* [Problem statement]
From the entries below, write out exactly the lines between the line holding "会议伊始,刘荣君老师对本次暑" and the line holding "Small 14K Yellow", inclusive, excluding any pictures.

* [Source material]
━━━━━━━━━━
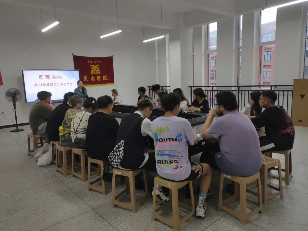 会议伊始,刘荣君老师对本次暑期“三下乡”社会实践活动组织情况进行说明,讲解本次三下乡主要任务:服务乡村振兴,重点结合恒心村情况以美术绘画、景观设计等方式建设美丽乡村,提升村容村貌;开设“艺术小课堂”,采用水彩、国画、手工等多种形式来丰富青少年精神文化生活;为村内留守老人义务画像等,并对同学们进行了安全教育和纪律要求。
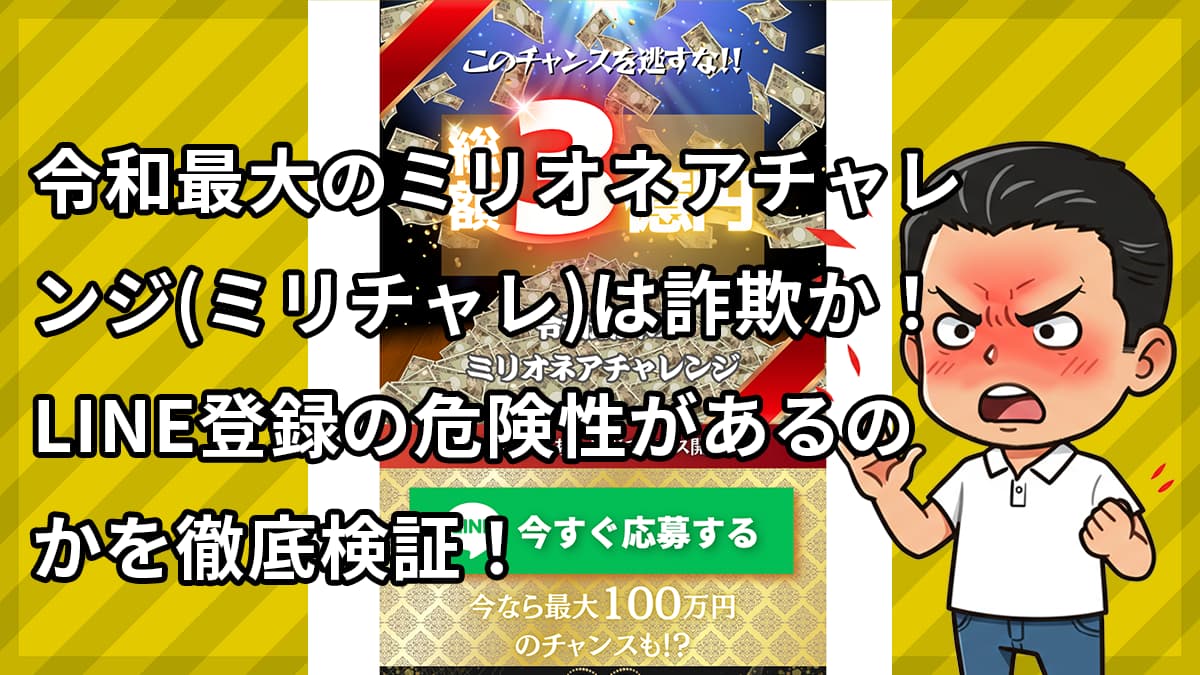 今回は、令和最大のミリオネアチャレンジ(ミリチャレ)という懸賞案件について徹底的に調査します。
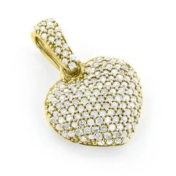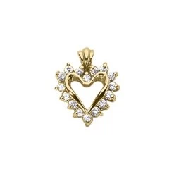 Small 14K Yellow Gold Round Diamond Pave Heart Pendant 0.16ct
━━━━━━━━━━
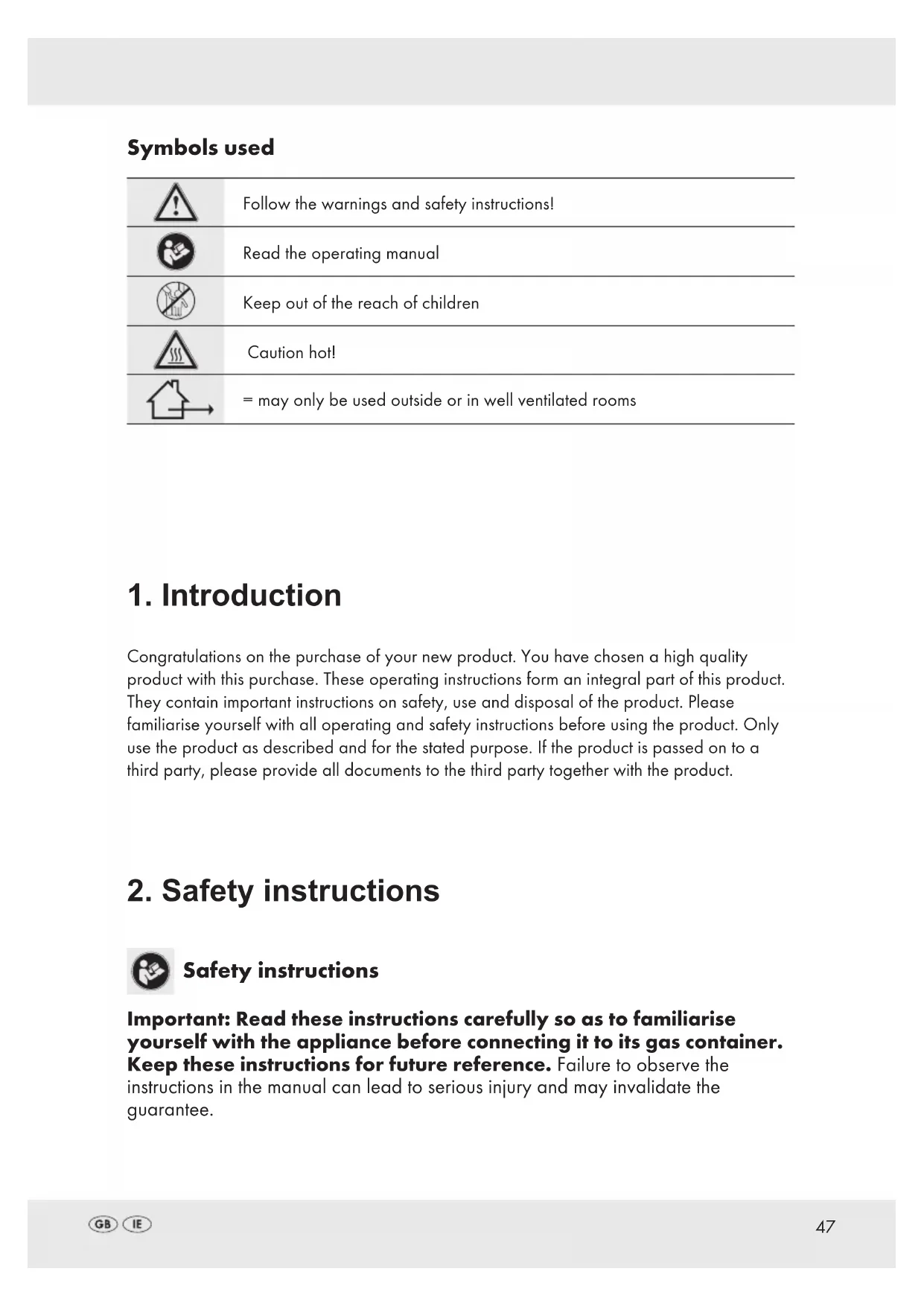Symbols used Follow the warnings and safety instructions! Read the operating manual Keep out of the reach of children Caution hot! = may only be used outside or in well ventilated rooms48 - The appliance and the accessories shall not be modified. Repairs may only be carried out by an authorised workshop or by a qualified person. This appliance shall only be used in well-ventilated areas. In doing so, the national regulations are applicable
━━━━━━━━━━
* [Solution]
 会议伊始,刘荣君老师对本次暑期“三下乡”社会实践活动组织情况进行说明,讲解本次三下乡主要任务:服务乡村振兴,重点结合恒心村情况以美术绘画、景观设计等方式建设美丽乡村,提升村容村貌;开设“艺术小课堂”,采用水彩、国画、手工等多种形式来丰富青少年精神文化生活;为村内留守老人义务画像等,并对同学们进行了安全教育和纪律要求。
 今回は、令和最大のミリオネアチャレンジ(ミリチャレ)という懸賞案件について徹底的に調査します。
 Small 14K Yellow Gold Round Diamond Pave Heart Pendant 0.16ct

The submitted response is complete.